Keys Only DB?

Printable View

05-02-2011, 05:15 PM
MilesAhead

Keys Only DB?

I have only programmed access to db engines on occasion.
But someone asked a question that sounded like a "worst case
scenario" for a db engine. Namely the person has a word list,
like a spelling dictionary. Due to lack of maintanence it
has grown large with many duplicates. Since usually one thinks
of looking up a chunk of data by the key, it would seem that a
"keys-only database" would be slow and unwieldy. Have you run
across a similar application? The dictionary is a flat text
file with a word per line. The size has grown many times that
of physical ram on the machine. Therefore attempting to sort
as a means to remove duplicates would take days if not weeks of
merge sort.

Do you have any suggestions or approaches?
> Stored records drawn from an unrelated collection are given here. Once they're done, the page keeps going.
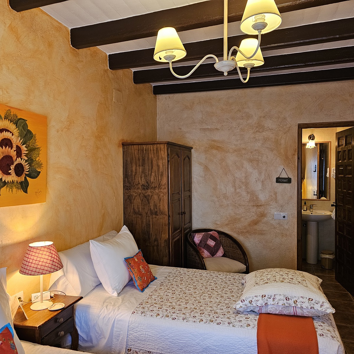 La habitación cuenta con dos camas de 1,90 x 90 cm, con colchones cómodos, almohadas, cojines y edredones a juego con los tonos naranjas de la habitación, pensados para crear un ambiente acogedor y tranquilo para el descanso.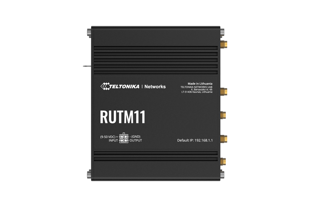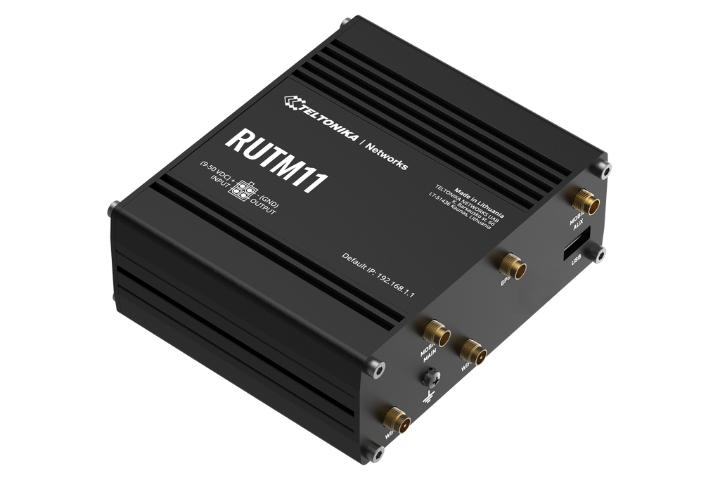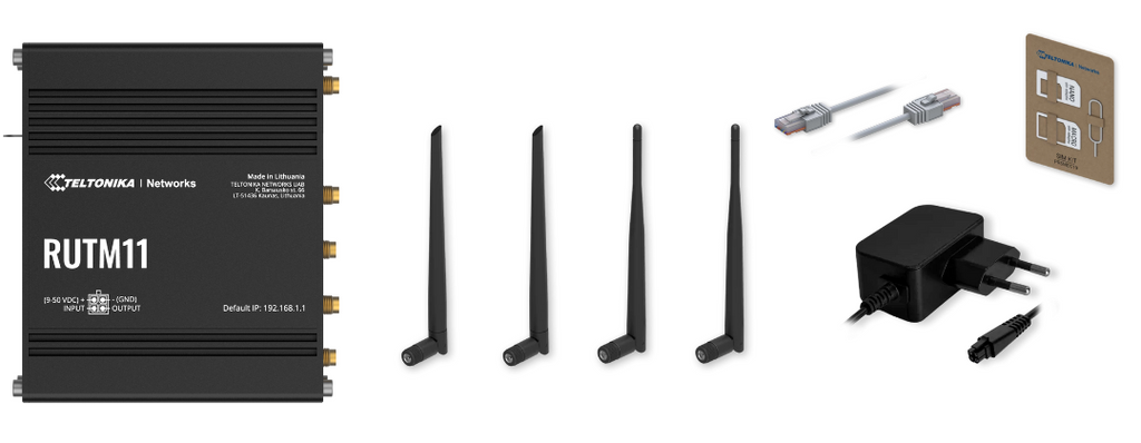 | Pakiranje | RUTM11, 18 W napajalnik, Ethernet kabel (1,5 m), antene (2x LTE, 2x Wi‑Fi, 1x GNSS), SIM adapter |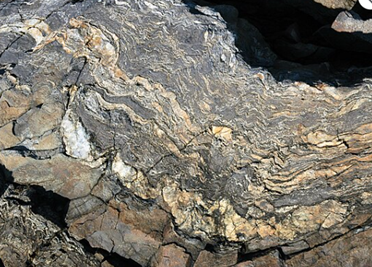 Metamorphic rocks are formed when existing rocks are forced so deep underground that they experience intense heat and pressure for a long period of time. Because of the heat and pressure, the rock is molded, folded, squished, and rearranged, like when you roll playdough between your hands. A common metamorphic rock in New Hampshire is gneiss, which you can see in the pictures below.

I assume the person is running Windows XP. I suggested a Windows port of the Linux sort commands. Started off fine but after 6 or 7 days and still churning the user gave up and killed it. :)
05-02-2011, 07:34 PM
skhanal

Can you try to run sort on a chunk of data instead of trying to do it over the complete set?
05-03-2011, 01:09 AM
MilesAhead

I appreciate the idea. Mostly I'm posting because I'm convinced at some point somebody must have done a study in this worst case that gives an idea of the overhead. Say if one added all the keys to a db if it would be 2x or 3x or 4x the size of the original raw data etc..
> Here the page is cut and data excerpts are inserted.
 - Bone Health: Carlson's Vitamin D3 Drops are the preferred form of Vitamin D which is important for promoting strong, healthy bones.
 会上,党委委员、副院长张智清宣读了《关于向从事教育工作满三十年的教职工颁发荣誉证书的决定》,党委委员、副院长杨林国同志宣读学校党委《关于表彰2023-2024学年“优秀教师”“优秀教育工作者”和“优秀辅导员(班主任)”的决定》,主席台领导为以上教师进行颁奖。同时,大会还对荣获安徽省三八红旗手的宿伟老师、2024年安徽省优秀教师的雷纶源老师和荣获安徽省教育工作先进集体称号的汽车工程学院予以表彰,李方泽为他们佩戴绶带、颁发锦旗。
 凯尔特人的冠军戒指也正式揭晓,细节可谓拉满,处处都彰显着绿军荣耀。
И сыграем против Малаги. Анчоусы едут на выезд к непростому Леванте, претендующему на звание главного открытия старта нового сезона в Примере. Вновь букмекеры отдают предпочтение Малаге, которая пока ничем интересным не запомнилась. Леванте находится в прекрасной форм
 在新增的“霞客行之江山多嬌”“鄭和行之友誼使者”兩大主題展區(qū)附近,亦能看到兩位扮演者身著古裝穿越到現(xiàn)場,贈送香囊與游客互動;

I mean Codd did this stuff decades ago. Somebody must have at least some paramaters how inefficient it would be. Everyone thinks add it to a db and it will automatically be fast and efficient. But there must be some criteria where a db is actually worse than just writing a hack.
05-04-2011, 12:25 AM
Gil-Galad

Petenltially use hashing to create subsets, and look at these seperately? As duplicates would have the same hash you would be guaranteed that they would be in the same partition.